Re: [RFC][PATCH 1/3] cpuidle: Inject tick boundary state

From: Peter Zijlstra
Date: Mon Jul 31 2023 - 05:12:23 EST


On Mon, Jul 31, 2023 at 10:01:53AM +0200, Rafael J. Wysocki wrote:
> On Sat, Jul 29, 2023 at 10:44 AM Peter Zijlstra <peterz@xxxxxxxxxxxxx> wrote:
> >
> > On Fri, Jul 28, 2023 at 05:36:55PM +0200, Rafael J. Wysocki wrote:
> > > On Fri, Jul 28, 2023 at 5:01 PM Peter Zijlstra <peterz@xxxxxxxxxxxxx> wrote:
> > > >
> > > > In order to facilitate governors that track history in idle-state
> > > > buckets (TEO) making a useful decision about NOHZ, make sure we have a
> > > > bucket that counts tick-and-longer.
> > > >
> > > > In order to be inclusive of the tick itself -- after all, if we do not
> > > > disable NOHZ we'll sleep for a full tick, the actual boundary should
> > > > be just short of a full tick.
> > > >
> > > > IOW, when registering the idle-states, add one that is always
> > > > disabled, just to have a bucket.
> > >
> > > This extra bucket can be created in the governor itself, can't it?
> >
> > I couldn't find a nice spot for the governor to add idle-states.
>
> Well, I've thought this through and recalled a couple of things and my
> conclusion is that the decision whether or not to stop the tick really
> depends on the idle state choice.
>
> There are three cases:
>
> 1. The selected idle state is shallow (that is, its target residency
> is below the tick period length), but it is not the deepest one.
> 2. The selected idle state is shallow, but it is the deepest one (or
> at least the deepest enabled one).
> 3. The selected idle state is deep (that is, its target residency is
> above the tick length period).
>
> In case 1, the tick should not be stopped so as to prevent the CPU
> from spending too much time in a suboptimal idle state.
>
> In case 3, the tick needs to be stopped, because otherwise the target
> residency of the selected state would not be met.
>
> Case 2 is somewhat a mixed bag, but generally speaking stopping the
> tick doesn't hurt if the selected idle state is the deepest one,
> because in that case the governor kind of expects a significant exit
> latency anyway.

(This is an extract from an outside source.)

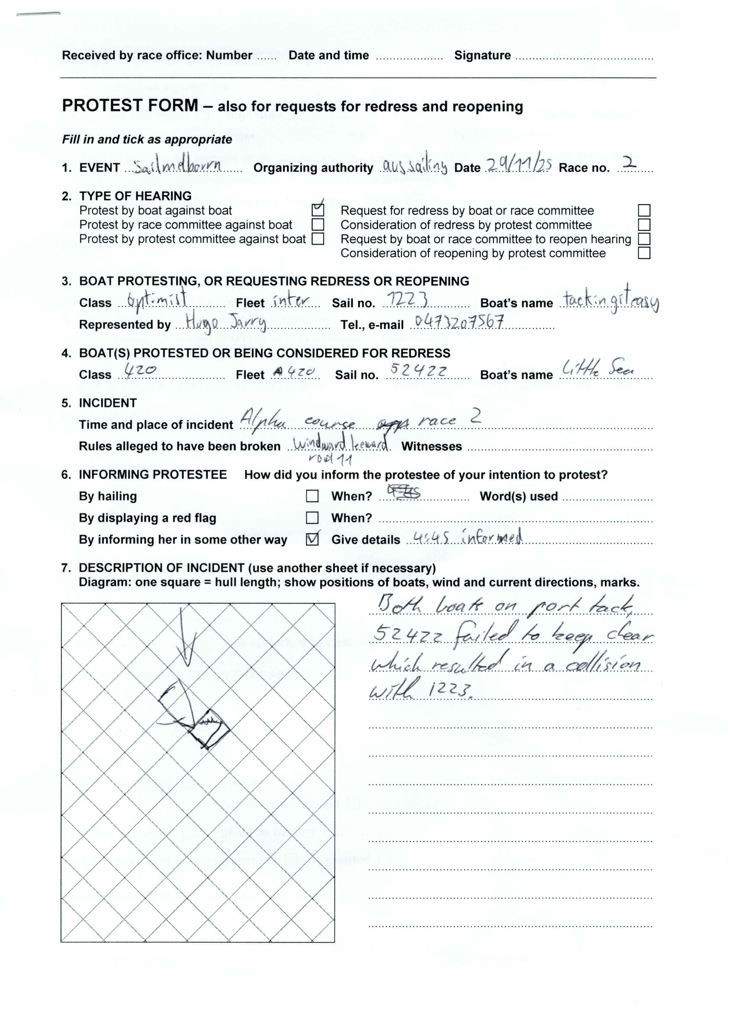 | 05 | Withdrawn | 470 | 3 | 22 | Race Committee | Hear with 4 | 28 Nov 17:30 | Request withdrawn | |

If it is not the deepest one (which is disabled),
> it's better to let the tick tick.

So I agree with 1.

I do not agree with 2. Disabling the tick is costly, doubly so with the
timer-pull thing, but even today. Simply disabling it because we picked
the deepest idle state, irrespective of the expected duration is wrong
as it will incur this significant cost.

With 3 there is the question of how we get the expected sleep duration;
this is especially important with timer-pull, where we have this
chicken-and-egg thing.

Notably: tick_nohz_get_sleep_length() wants to know if the tick gets
disabled and cpuilde wants to use tick_nohz_get_sleep_length() to
determine if to disable the tick. This cycle needs to be broken for
timer-pull.

Hence my proposal to introduce the extra tick state, that allows fixing
both 2 and 3.